Jesse enlisted on his eighteenth birthday (12 August 1904), and rated Ordinary Seaman, rising to Stoker, 2nd Class in September 1905. After time spent at the naval barracks in Chatham, and two years on the Sapphire II (a depot ship based at Portland), Jesse became Stoker 1st Class and posted to HMS Bedford, another Monmouth class armoured cruiser that had recently been recommissioned and sent to China Station. The Bedford was eventually wrecked on 21 August 1910 off Quelport Island in the China Sea, however before then in 1909 Jesse had transferred to HMS Andromeda, which was operating in the same region. Up until that point, Jesse’s naval career had been punctuated by regular time spent in the punishment cells (including 28 days hard labour) and totalled 48 days by the time he left China and returned to Chatham. Unfortunately, there are no records of his misdemeanours, so it is unknown how severe they might have been. He served on several more ships over the course of the next few years, and when war broke out in August 1914, was on board HMS Shannon, which was the flagship of the 2nd Cruiser Squadron. In October 1914, the ship was patrolling off the coast of Norway and almost intercepted the armed merchant cruiser SS Berlin on several occasions. Having remained relatively trouble-free over the preceding five years, Jesse fell back into his old ways, and between 13 November and 9 February 1915 he was given 90 days hard labour for an unspecified reason. Following this last round of punishment, Stoker Bush was unceremoniously discharged from the Navy.

By the summer of 1915 Jesse’s brothers, Leonard and Frank were serving with The Buffs (East Kent Regiment) and Sydney with the Army Service Corps (Motor Transport Department.) Leonard was recovering from a leg wound sustained at Ypres and Frank had recently been ill with spotted fever that he had contracted in the trenches. It probably won’t ever be known why Jesse re-enlisted; however, it does seem likely that he would have been under some pressure from his father and siblings to do so.

Based on his service number Jesse probably visited the recruiting office in Maidstone during September 1915, where he joined the Royal Field Artillery. Regrettably, his service papers have not survived, but we do know that he was sent to France later that year on 15 November. Without any documentation from this period it is impossible to say where, and with whom Jesse served, however, in 1917, he was part of the 29th Battery, 42nd Brigade RFA. Based on the possibility he had joined this particular unit when he arrived on the Western Front, he may have been present at some, or all of the following battles:

1916: Actions of the Bluff (14-15 February) Actions of the St. Eloi Craters (27 March-16 April), The Somme: Battle of Albert (1-13 July, including the capture of Montauban, Mametz, Fricourt, Contalmaison and La Boisselle), Battle of Bazentin (14-17 July, including the capture of Longueval, Trones Wood and Ovillers), Battle of Delville Wood (15 July-3 September), Battle of the Ancre (13-18 November, including the capture of Beaumont Hamel.)

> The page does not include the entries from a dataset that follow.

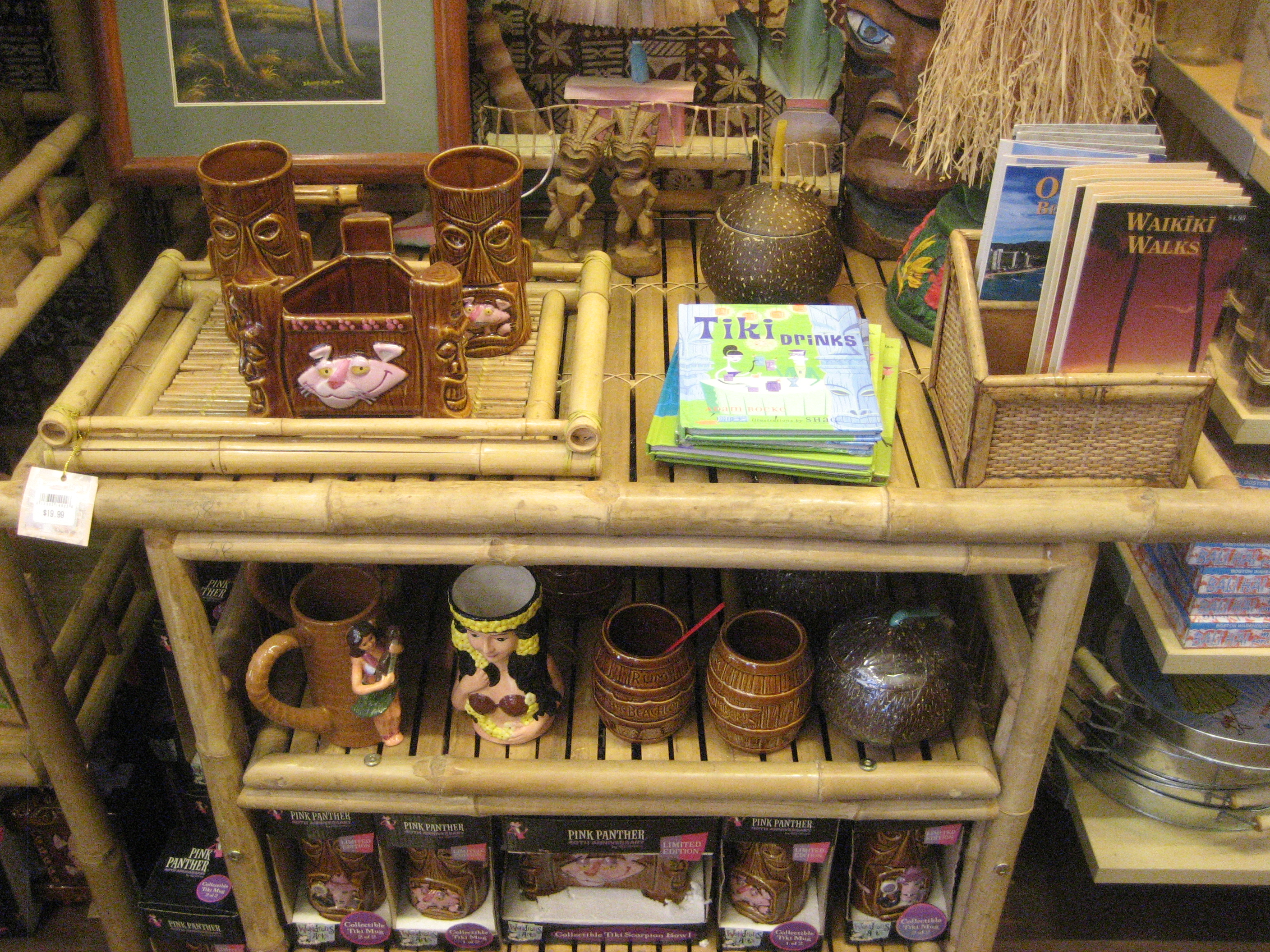 The name tipped me off that maybe the store is related to Don the Beachcomber, and they do actually stock their signature rum barrels, along with some hula girl mugs and the still ubiquitous Pink Panther themed ceramics designed by Shag.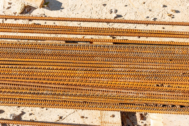 Металлическая арматура лежит на строительной площадке, постройте здание с арматурой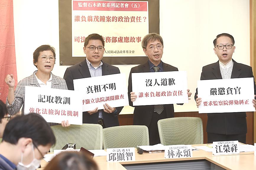 Judicial Reform Foundation chairman Lin Yung-sung (林永頌), and NPP legislators Chiu Hsien-chih (邱顯智) and Chen Jiau-hua (陳椒華) told a news conference in Taipei that they were disappointed with the content of the reports into the results of a second-stage investigation into the scandal.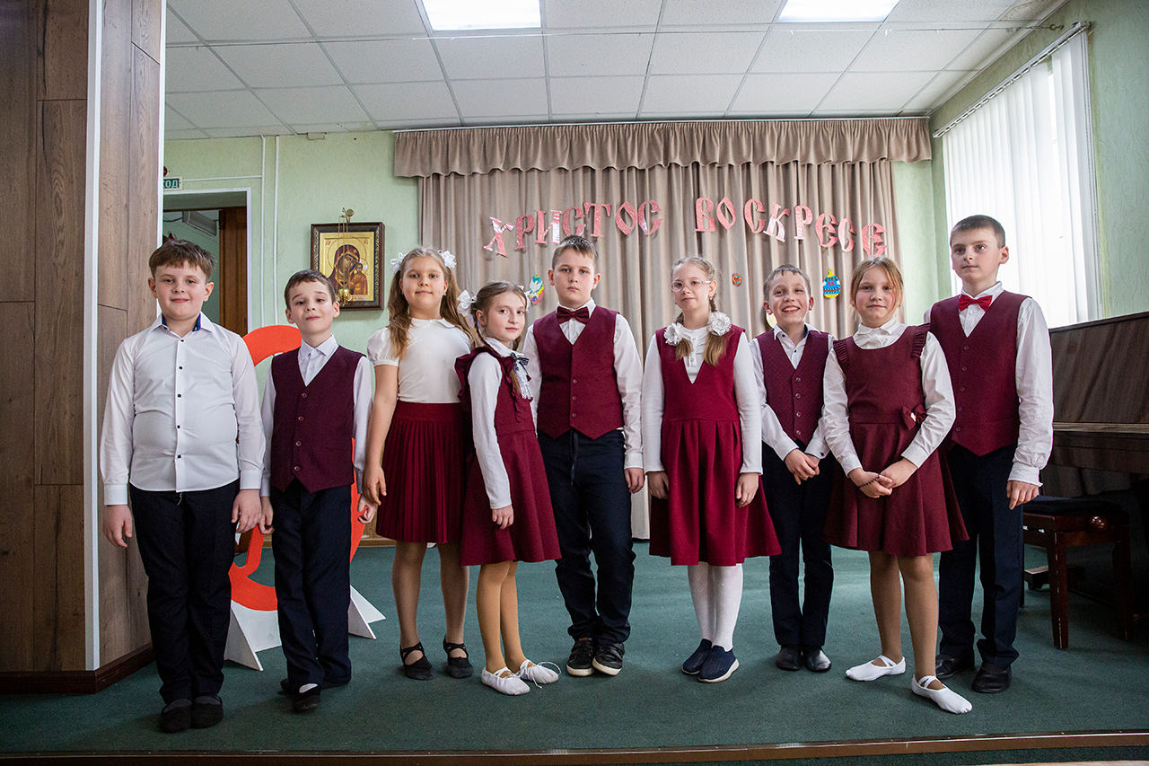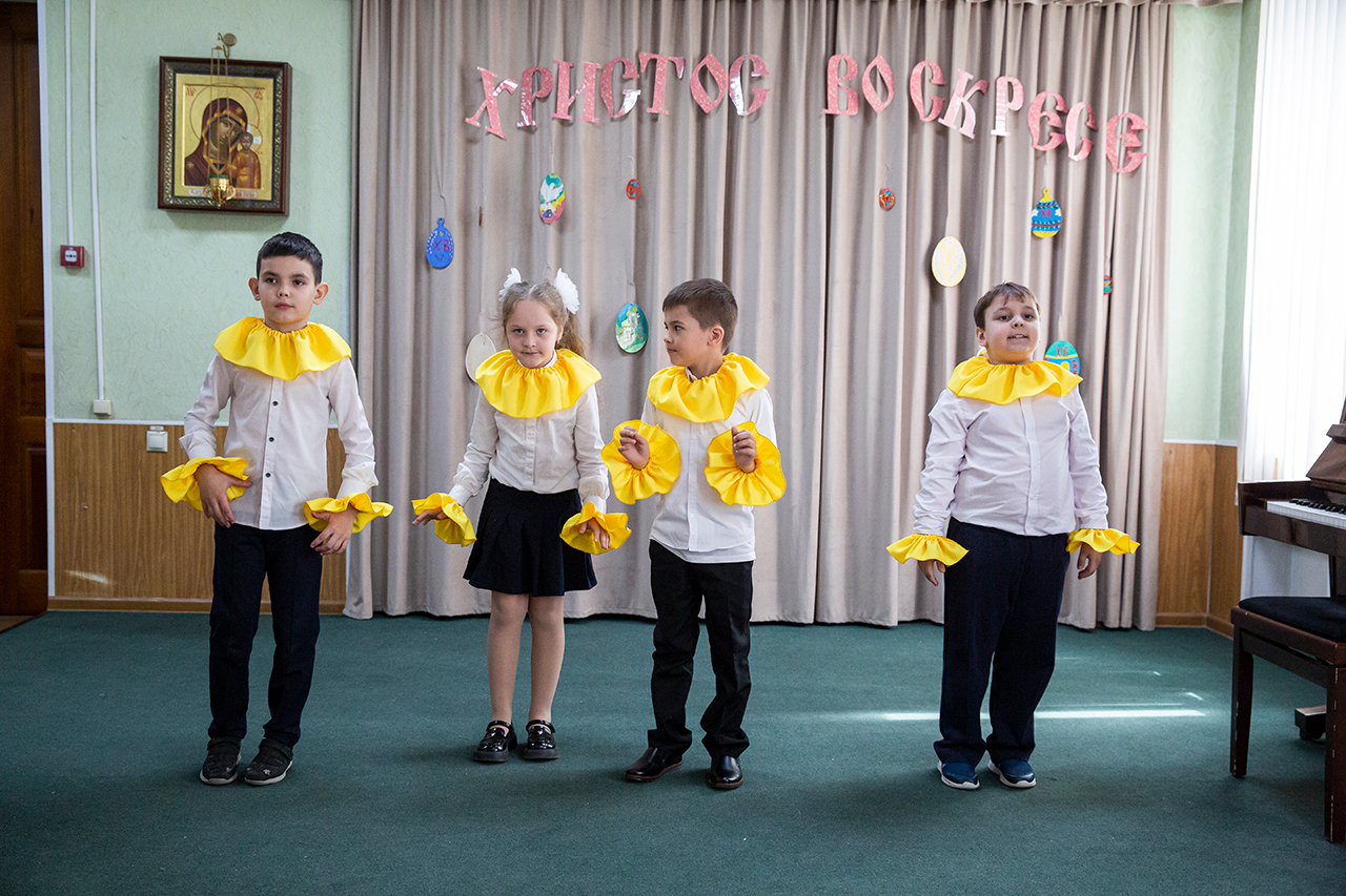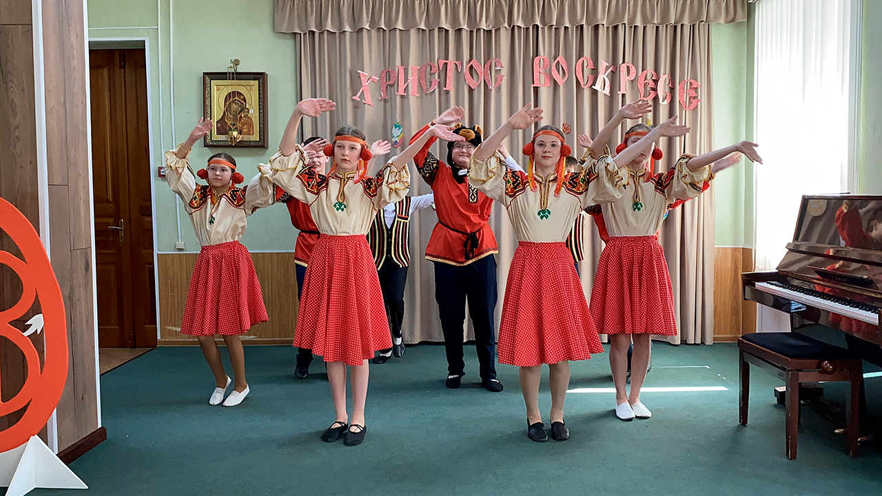 По окончании Крестного хода и небольшой подготовки началась торжественная часть праздника в актовом зале. Со сцены прозвучали трогательные стихи и песни, раскрывающие смысл и содержание праздника Пасхи. Были показаны чудесные танцевальный номера, как в классическом, так и в народном стилях.
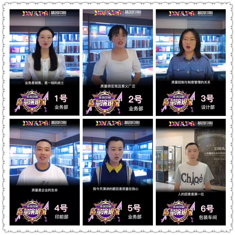為了讓“質(zhì)量”意識(shí)深入人心,基因印刷組織了一場(chǎng)別開(kāi)生面的“質(zhì)量演說(shuō)家”演講比賽。負(fù)責(zé)人積極商討比賽形式,最后決定通過(guò)視頻錄制的形式公開(kāi)發(fā)布在線上請(qǐng)客戶和全體員工投票。票選出的優(yōu)秀代表在本周六的質(zhì)量大會(huì)上進(jìn)行現(xiàn)場(chǎng)的演講。新穎的比賽形式激發(fā)了全體員工的熱情,各部門(mén)員工踴躍參與,利用早會(huì)和空余時(shí)間進(jìn)行練習(xí)和彩排,最后共有16人脫穎而出。不同部門(mén)的員工從不同的角度詮釋了自己對(duì)“質(zhì)量”的理解,一遍遍的練習(xí),一遍遍的重復(fù),不僅演講人自己,聽(tīng)的人也在不知不覺(jué)中對(duì)“質(zhì)量”有了自己的思考。

1917: First Battle of the Scarpe (9-14 April, including the capture Monchy le Preux and the Wancourt Ridge), Second Battle of the Scarpe (23-24 April, including the capture of Guémappe and Gavrelle), Battle of Arleux (28-29 April), Third Battle of the Scarpe (3-4 May, including the capture of Fresnoy), Capture of Roeux (13-14 May), Battle of the Menin Road (20-25 September)

Between 26 September and 3 October 1917 the 3rd Division, of which the 29th Battery formed part, was involved in the Battle of Polygon Wood, the fourth phase in a series of battles that were collectively known as Third Battle of Ypres (or Passchendaele.) It was during this battle that Jesse was wounded and later died in hospital of his injuries on 9 October. This may have been in Le Tréport, which was a vital hospital centre along the coast from Dieppe.

Jesse is buried in Mont Huon Cemetery in Le Tréport, and his parents were eventually sent his medals.